Let’s say I have a website that has a lot of traffic, and I have a form people can fill out to request a demo or ask some questions. At the same time, I introduce a chat window and maybe we can get a qualification process going where a chatbot is asking a few questions and then prompting the user toward a demo. When you try this out, it’s really important to track the numbers but also to check in with the sales team a month later and ask: “How are the leads we send you through the chatbot different than the leads that come through the form? Have you seen any kind of quality issues? Has that interrupted your workflow because of the way that we send them to you?” It’s crucial to understand how the sales team feels about this and what kind of stories they have to tell.
You also have to come at it from a visitor angle; you should actually survey people who visit and exit your website about their experience with chat. I’ve heard many, many times about people going to a site, interacting with a chat widget, and not being happy with it. I had this experience myself, and to me, it’s not the chat window, or the bot necessarily; it’s the way it’s implemented.
A lot of times, we as an industry get overly excited about a new technology, but we’re not mindful about the implementation of the software. “Nobody is converting on our website.
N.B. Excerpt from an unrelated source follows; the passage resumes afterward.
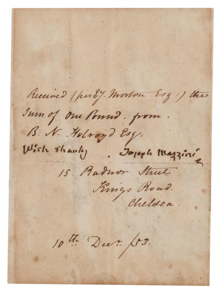Italian patriot (1805-1872) who dedicated his life, much of which was spent in exile, to uniting his country under a republic. Manuscript DS, signed “With thanks, Joseph Mazzini,” one page, 3.75 x 5.25, December 10, 1853. Pay receipt issued in Chelsea, England, in full: "Received (per E. Y. Morton Esq.) the sum of one pound from B. N. Holroyd Esq." In very good to fine condition, with light scattered staining and a label affixed to the reverse. An interesting English variant of Mazzini's signature.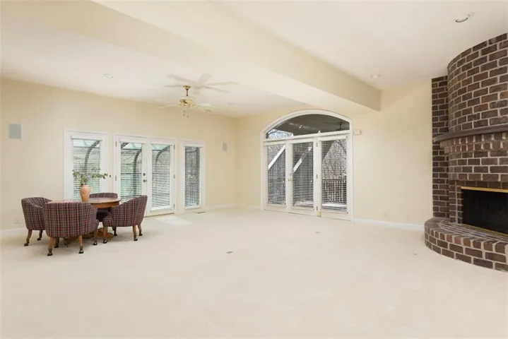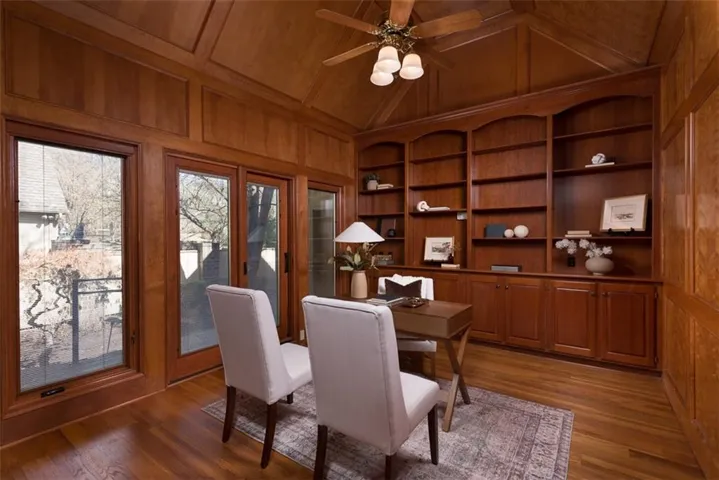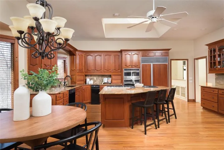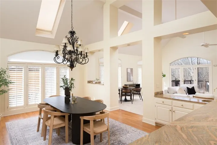 +"PublicRemarks": "This home surpasses all others in the Patrician Woods Townes area of this gated community. It will exceed your expectations with the sky high vaulted ceilings, spacious living inside while backing to a fully wooded area for extra peace and privacy. Enter through the beautiful landscaped courtyard into a stunning space that includes a well equipped kitchen with a massive island and eat-in space. A cozy library/den offers second living space on the main floor. The large formal dining area and living room are showered with sunlight and sky lights, but the centerpiece is the soaring stone fireplace. The primary bedroom has outdoor views, fireplace, custom built-ins and his/her closet space in the massive bathroom space. Lower level living is plentiful, with bedrooms/baths and a floor plan that accommodates entertaining, being cozy by the fireplace or enjoying the outdoor deck. Don’t miss the cedar lined custom closet on the lower level. This home offers the best combination of maintenance provided lifestyle, the comfort of spacious living/3 car garage and all the serenity of a wooded backyard. The newer $52k roof adds to worry free living! This is a gated community with tennis courts, community pool and clubhouse. Come and see the wow factor of this home that is conveniently located in the heart of Leawood."

Let’s just use an A/B testing tool, and all our problems will be solved.” That’s not actually true, because you don’t have your value proposition or your ideal customer figured out. Your traffic is really poor. No matter how many A/B tests you run, you have fundamental issues.
Attaching AI to anything in SaaS is the new thing that everybody thinks is going to solve their problems. No, it’s not. It’s a tool, and if you use a tool in the right context it might help tremendously. But it also might not make a big difference. You have to test to figure it out. I see too many chat apps – too many bots – implemented in a way that’s not thoughtful, and then generating results that are not successful. Those tools are awesome, and hopefully they help increase customer intimacy, which is a thing that I care deeply about. But I would also warn people about getting overly excited about the tool. You missing a tool is never the reason why something isn’t working. It can advance or improve something that’s already working, but it usually will not fix something that’s broken.